Mercedes S-Klasse W221
Themenstarteram 5. Oktober 2012 um 17:53

Guten Tag liebe Community,

ich habe mich soeben hier bei Motor-Talk angemeldet, da ich denke, dass hier die beste Anlaufstelle für mich ist.

Habe nur positives von Euch gehört ;)

Zuerst zu mir. Ich heiße Jürgen, bin 33 Jahre alt und wohne in der nähe von Dortmund.

 

Nun zu einer Frage von mir. Die aktuelle S-Klasse ist ein Traum von mir und ich würde es gerne in Erfüllung gehen lassen.

Ich würde jedoch auch gerne Eure Meinung dazu wissen.

Ich bin bisher S500, S600 und S320 CDI gefahren und der S600 ist finde ich eine ganz andere Liga vom Gefühl her.

Daher interessiert mich ganz besonders der 600er Motor.

Leider gibt es einen Haken an der ganzen Sache. Ich habe nur rund 30.000€ zur Verfügung. Mehr möchte ich nicht ausgeben.

Viel Auswahl gibt es da nicht im Internet.

S600 #1

An dem Wagen gefällt mir die Ausstattung, die Farben und auch sonst klang der Verkäufer seriös am Telefon. Dazu gibt es noch 1 Jahr Garantie (vielleicht geht auch 2 Jahre) sowie einen frisch bestandenen TÜV.

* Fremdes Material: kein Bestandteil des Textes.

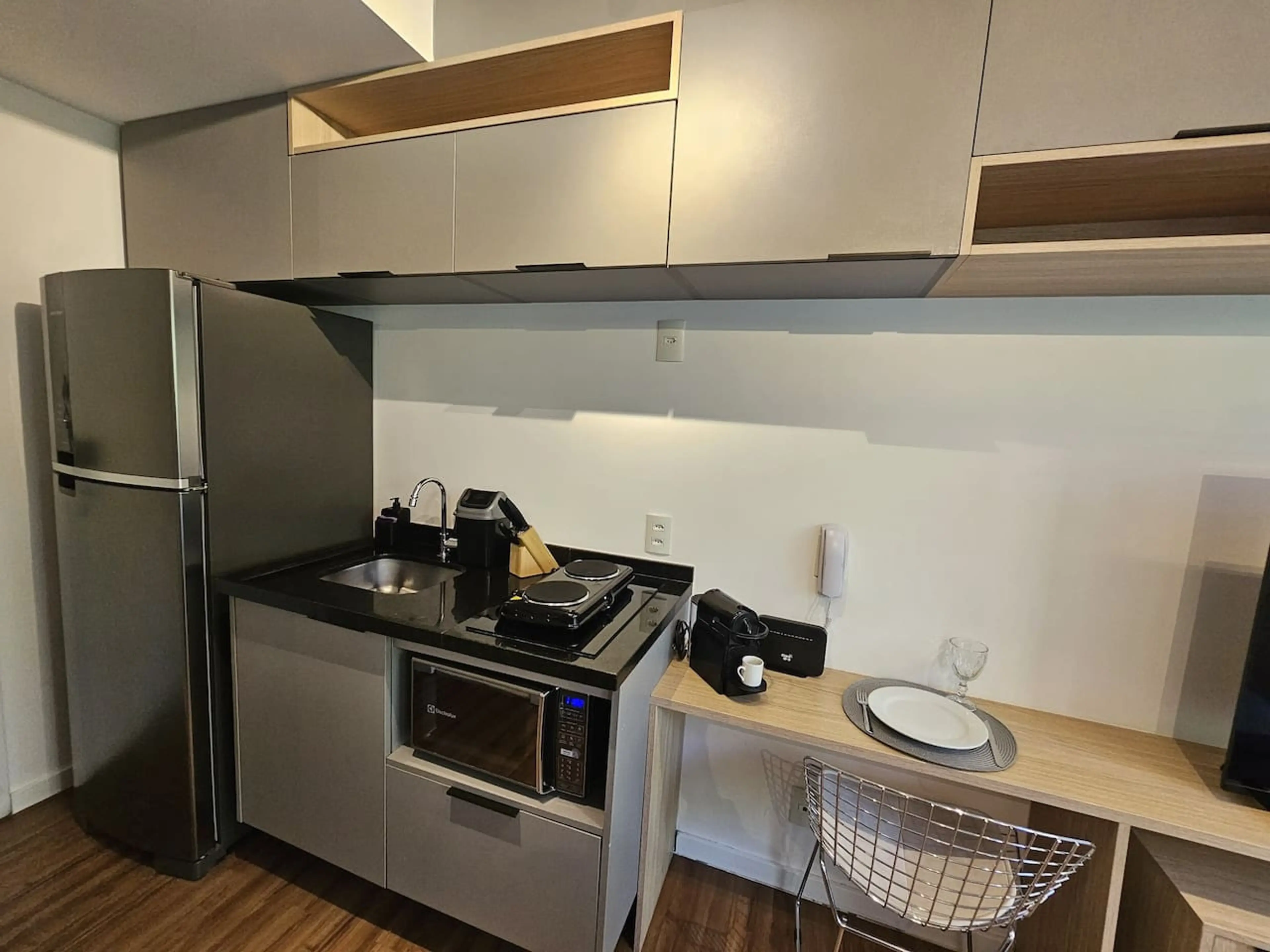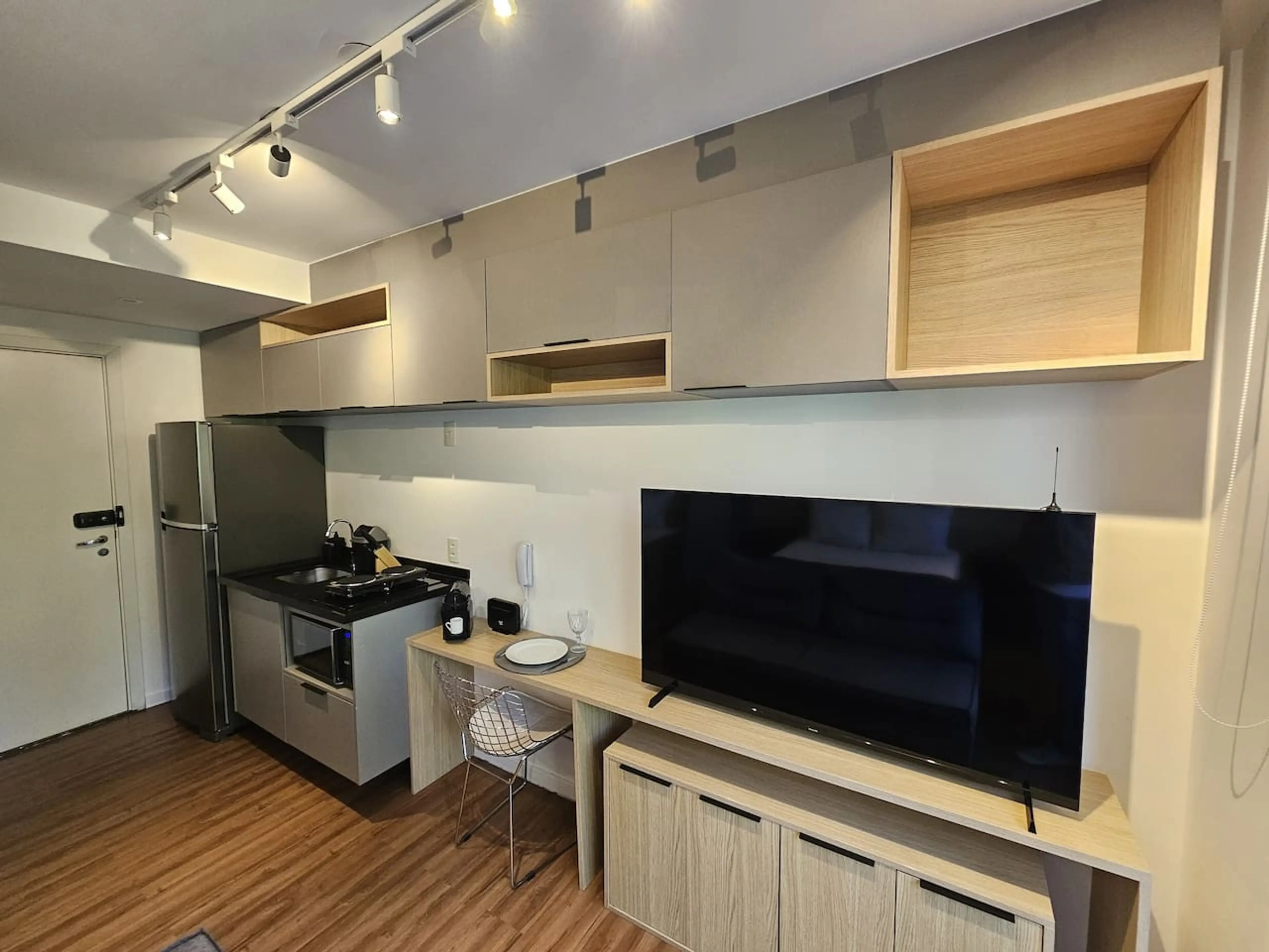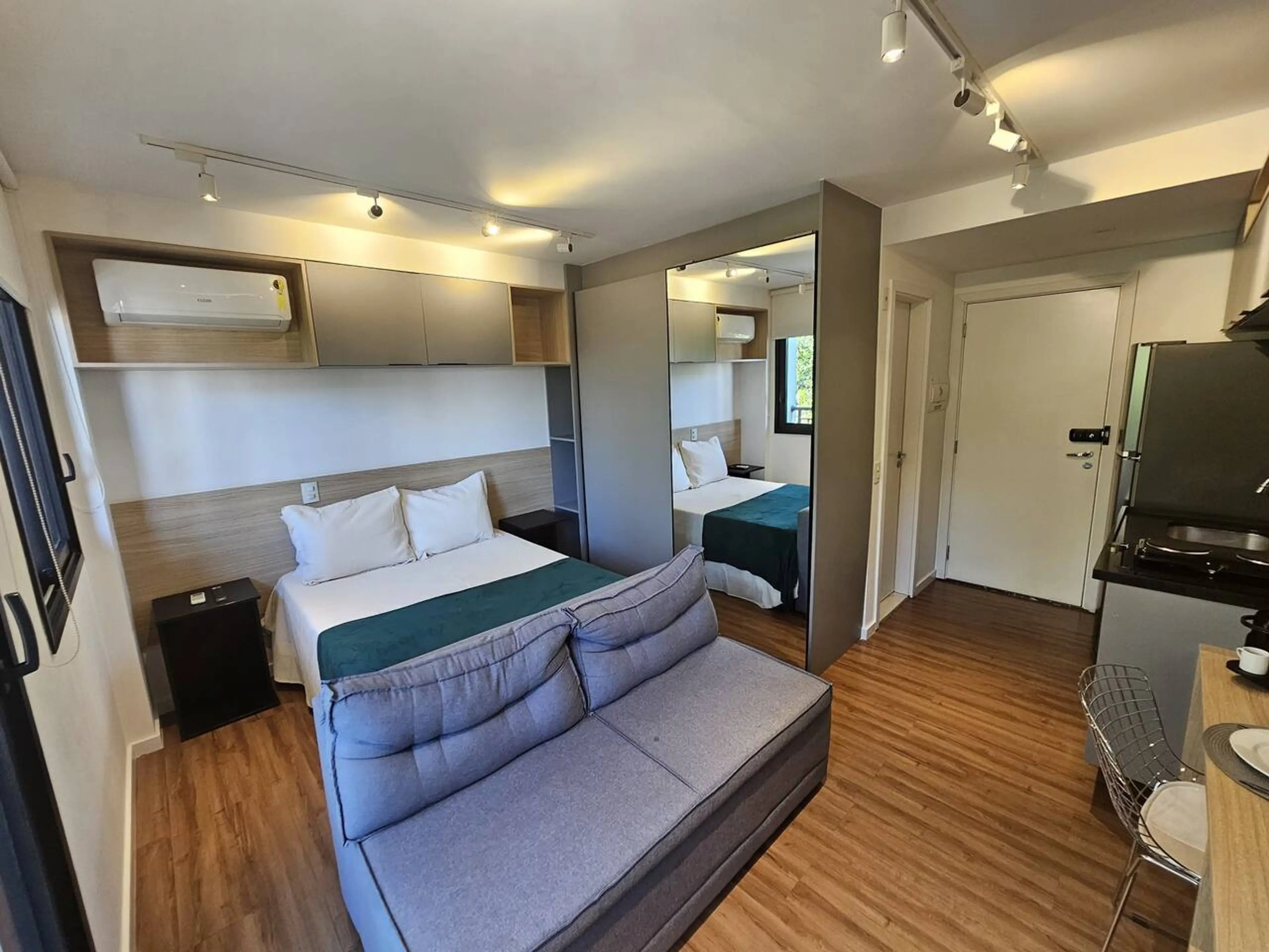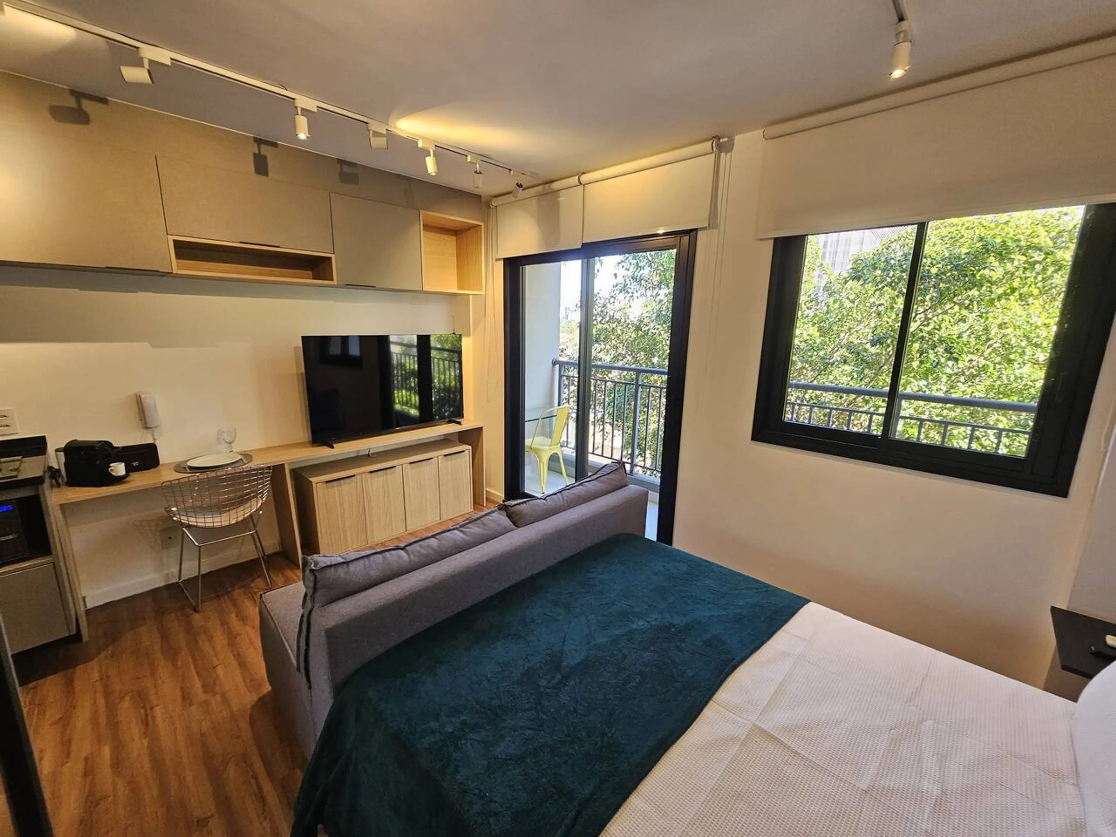 Studio com varanda localizado em Moema dentro de condomínio com piscina, academia e lavanderia. O espaço é bem equipado com tudo que você precisa para ter uma estadia tranquila e confortável, incluindo smart TV e Wi-Fi rápido. Importante: O prédio não possui estacionamento! O apartamento dispõe de...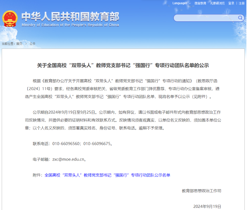 近日,教育部公布《关于全国高校“双带头人”教师党支部书记“强国行”专项行动团队名单的公示》,我院教工第一党支部成功入选。据悉,全国有1486个高校教师党支部入选“强国行”专项行动团队,我省高校共有67个教师党支部入选该项目。
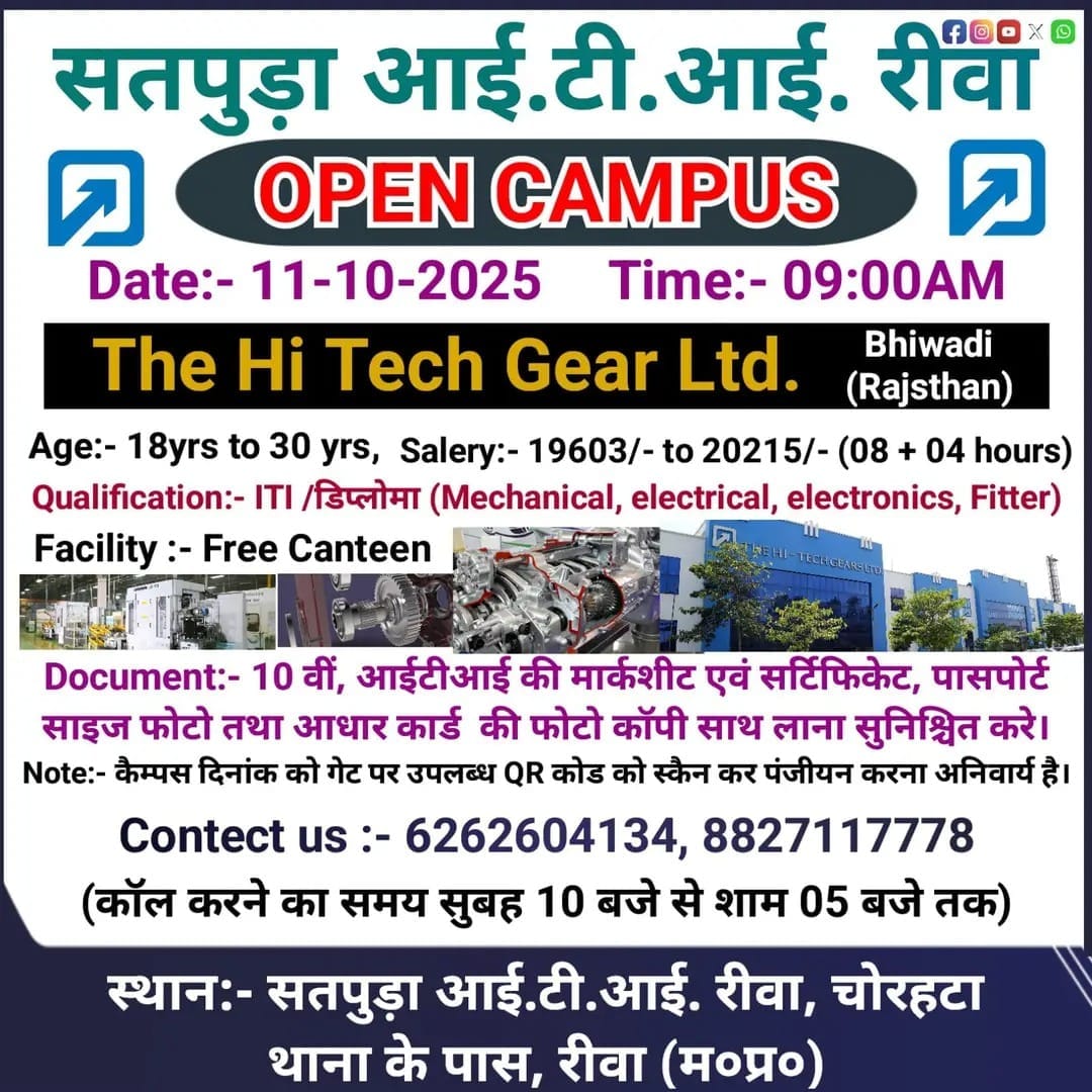 सतपुड़ा आई.टी.आई. रीवा ओपन कैंपस ड्राइव 2025 में आईटीआई और डिप्लोमा धारकों के लिए शानदार नौकरी का अवसर प्रस्तुत किया जा रहा है। यह कैंपस ड्राइव 11 अक्टूबर 2025 को सुबह 9:00 बजे से आयोजित होगी। इसमें 18 से 30 वर्ष तक के उम्मीदवार भाग ले सकते हैं। चयनित अभ्यर्थियों को ₹19,603 से ₹20,215 तक मासिक वेतन मिलेगा, जिसमें 8 घंटे के नियमित कार्य समय के साथ 4 घंटे का ओवरटाइम शामिल है।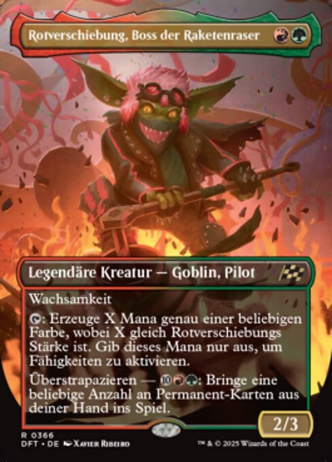 | Rules | Vigilance : Add X mana of any one color, where X is Redshift's power. Spend this mana only to activate abilities. Exhaust — : Put any number of permanent cards from your hand onto the battlefield. (Activate each exhaust ability only once.) |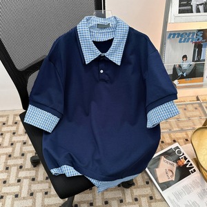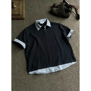 藏蓝色格纹假两件学院风polo领短袖衬衫夏高级感百搭T恤半袖上衣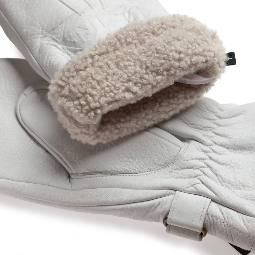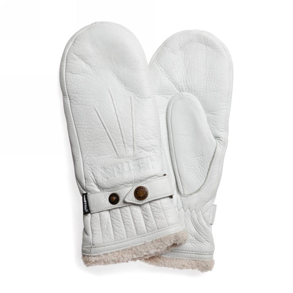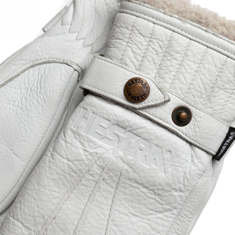 Тёплые женские варежки Hestra созданы специально для длительного пребывания на открытом воздухе при минусовых температурах. С внешней стороны модель выполнена из приятной на ощупь износостойкой кожи лося белого цвета с великолепной зернистой фактурой, а с внутренней стороны имеет густой ворс из овчины. Манжеты дополнены эластичной сборкой, которая позволяет быстро и легко надевать варежки. Область запястья регулируется при помощи ремешка с металлической кнопкой. Перчатки декорированы строчкой в тон и неброским логотипом марки.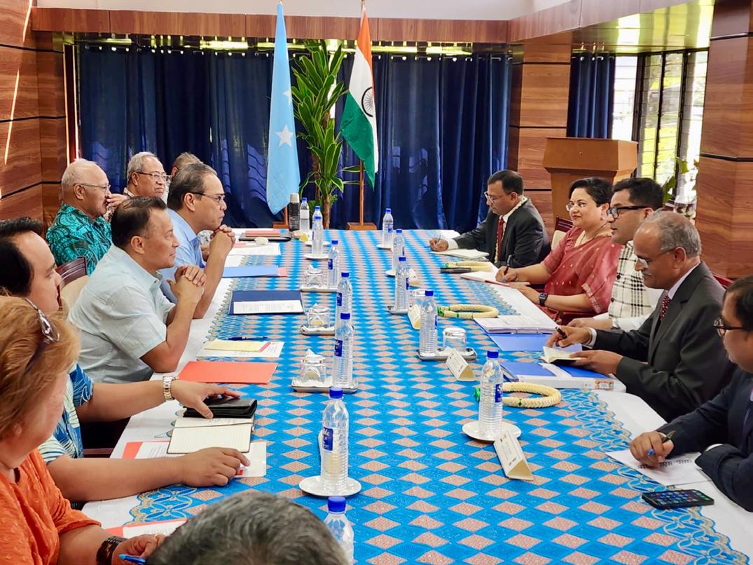 During the visit, Minister Margherita met with His Excellency President Wesley W. Simina, Vice President Aren B. Palik, and senior government officials. These discussions focused on strengthening bilateral cooperation in critical areas such as India’s support for the construction of the One UN House project, the FSM National Diagnostic Center, and a proposed Memorandum of Understanding between the FSM and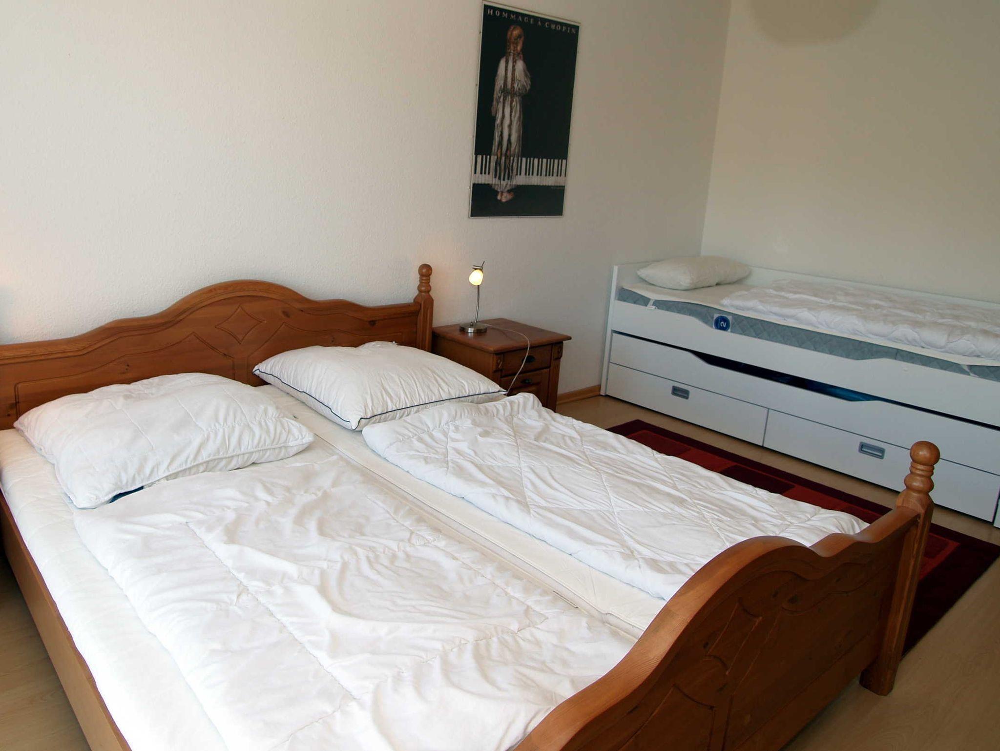 Im Schlafzimmer in der unteren Etage laden Sie ein komfortables Doppelbett (2 x 90 x 200 cm) sowie ein ausziehbares Kastenbett (2 x 90cm x 200cm) zur Nachtruhe ein. Der großzügige Kleiderschrank mit Ganzkörperspiegel bietet genügend Platz für Ihre Urlaubsgarderobe. Als Sichtschutz bzw. zum Verdunkeln ist im Schlafzimmer ein Rollo am Fenster angebracht.

Was mich sehr stört ist einfach die Laufleistung von fast 190.000Km. Auch wenn der Wagen aus 1. Hand und super gepflegt ist finde ich es zu viel. Meint Ihr das ist zu viel? 30.000€ ist sehr viel Geld für so ein ziemlich "abgelaufenes" Auto. Was meint Ihr?

Ps. Mein Fahrprofil sieht so aus, dass ich mit dem Wagen jährlich rund 10-12k Km zurücklegen würde.

Oder:

S600 #2

Hier ist die relativ niedrige Laufleistung und der günstigere Preis interessant. Zwar ist die Ausstattung nicht vollständig (mir fehlt Distronic), doch darüber könnte ich notfalls hinweg sehen. Mit dem Verkäufer habe ich noch nicht gesprochen.

 

Was meint Ihr?

Lohnt es sich mir den Wagen zuzulegen oder sollte es lieber ein Traum bleiben?

 

Wie sind die Unterhaltskosten im Vergleich zu S500 - gibts da große Unterschiede?

Wie ist im Allgemeinen die S600 zu bewerten? Gibt es besondere Erfahrungen mit dem Motor? (Motor-/Turboprobleme, ...)

 

Ich bedanke mich im Voraus und wünsche Euch noch ein schönes Wochenende

 

Mit freundlichen Grüßen

Jürgen

Beste Antwort im Thema

Jungs- es geht um einen S600 für 30tsd (in Worten: Dreißigtausend) Euro.......da bleibt nichts anderes übrig als kompromisse einzugehen.

Ein perfekt gewarteter, top gepflegter wagen wird da nicht bei rausspringen. Es geht hier um ein max. 6 Jahre altes Fahrzeug welches immer jenseits der 150tsd Eur. im NP lag (top-ausgestattete 600er kamen auf 180k).....da wird man vor dem Modellwechsel nicht die eierlegende wollmilchsau fürs golfbudget bekommen.

Wenn der Wagen in ordung ist oder nur kleinigkeiten dran sind-> kaufen......sonst-> lassen. .........aber perfekten zustand kann man für die paar euro nicht erwarten.

Ich wundere mich immer über manche leute hier im Forum die das Wort GEBRAUCHTWAGEN anscheinend mit dem wort NEUWAGEN verwechseln.....wenn man einen gebrauchten kauft, da hat man immer irgendwas dran...und mag es auch nur eine kleinigkeit sein. Da kann auch schneller mal was kaputt gehen als beim Neuwagen.....dafür spart man aber auch x tsd euro in der anschaffung......im falle so eines 600ers mind. 120tsd eur.

Die leute die GEBRAUCHTWAGEN nur in perfektestem Zustand, swizöl-gepflegt, aus erster Hand, vollausgestattet, mit (am liebsten) gar keinen gefahren km kaufen wollen, dazu noch x jahre Garantie usw haben-.....dafür aber nix bezahlen wollen....die sollten sich lieber einen neuwagen kaufen, der in ihrem budget liegt.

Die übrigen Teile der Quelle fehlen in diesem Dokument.